Is this at all on our radar to fix, or can we either (a) close as WONTFIX (b) move the target milestone to GCC 9?

Thanks.
Comment 12 Jeffrey A. Law 2018-02-04 15:50:31 UTC
One more tidbit here.  I noted that we got "reasonably" close to having enough state in the combiner to attack this in c#7.  The problem is there's a REG object that we really need to be a CONST_INT.

It turns out that we're failing to substitute the value from a REG_EQUAL note as combine builds up that hunk of RTL.  So if we were to substitute in the REG_EQUAL, then we'd have a fighting chance to address this in the combiner.
Comment 13 Aldy Hernandez 2018-02-04 16:08:22 UTC
Do we care though?  Does this bug pose a big enough problem on non
MIPS16 that we would like addressed?  Just curious....

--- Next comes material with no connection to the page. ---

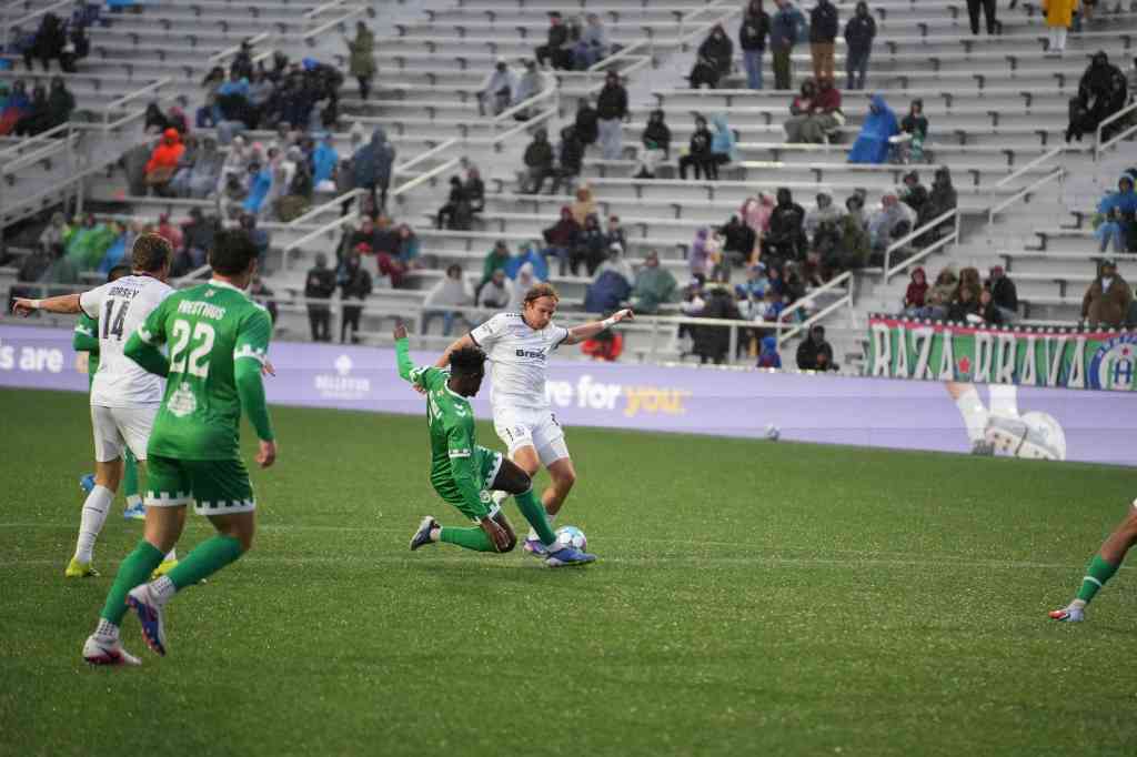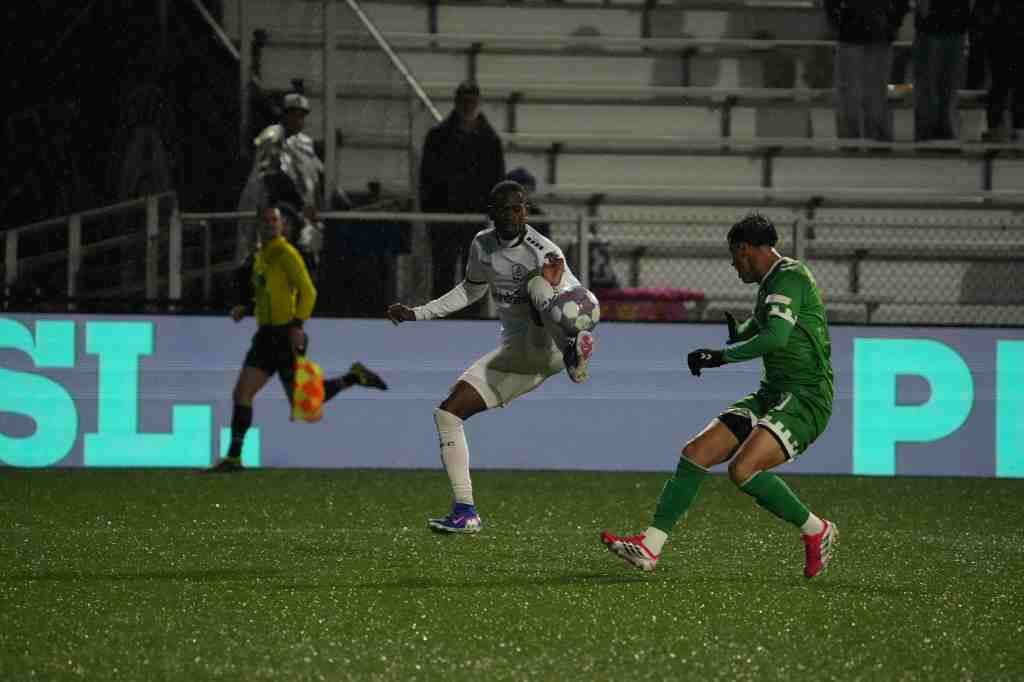 Rhode Island FC began to establish itself in the attack as the second half wore on, nearly finding the opening goal spectacularly in the 59th minute when Jojea Kwizera’s accurate long-range shot was denied by a diving Siaha. Although the goalkeeper spilled the rebound and nearly allowed Rhode Island FC to convert an advantageous bounce, Anderson came to the rescue once again with another goal-saving sliding clearance.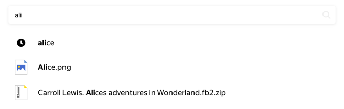 Егер файлдың атауы толық есіңізде болмаса, оны енгізе бастаңыз — Диск қолайлы нұсқаларды шығарады. Сондай-ақ Дискінің сыбырсөздерінде бұрынғы сұрауларыңыз көрсетіледі.

On Sun, Feb 4, 2018 at 10:50 AM, law at redhat dot com
<gcc-bugzilla@gcc.gnu.org> wrote:
> https://gcc.gnu.org/bugzilla/show_bug.cgi?id=59393
>
> --- Comment #12 from Jeffrey A. Law <law at redhat dot com> ---
> One more tidbit here.  I noted that we got "reasonably" close to having enough
> state in the combiner to attack this in c#7.  The problem is there's a REG
> object that we really need to be a CONST_INT.
>
> It turns out that we're failing to substitute the value from a REG_EQUAL note
> as combine builds up that hunk of RTL.  So if we were to substitute in the
> REG_EQUAL, then we'd have a fighting chance to address this in the combiner.
>
> --
> You are receiving this mail because:
> You are on the CC list for the bug.
Comment 14 Jeffrey A. Law 2018-02-04 19:21:19 UTC
I suspect we could likely show a similar codesize and performance regression on other targets.  ppc & arm come to mind.  aarch64 as well, but it wouldn't be a regression there since it didn't exist when this was first reported.

mips16?  Na, I don't care too much about that :-)
Comment 15 Aldy Hernandez 2018-02-04 19:28:07 UTC
If we care about this on non MIPS16 targets, we can open a new PR and reference this one, perhaps with a less target specific title :).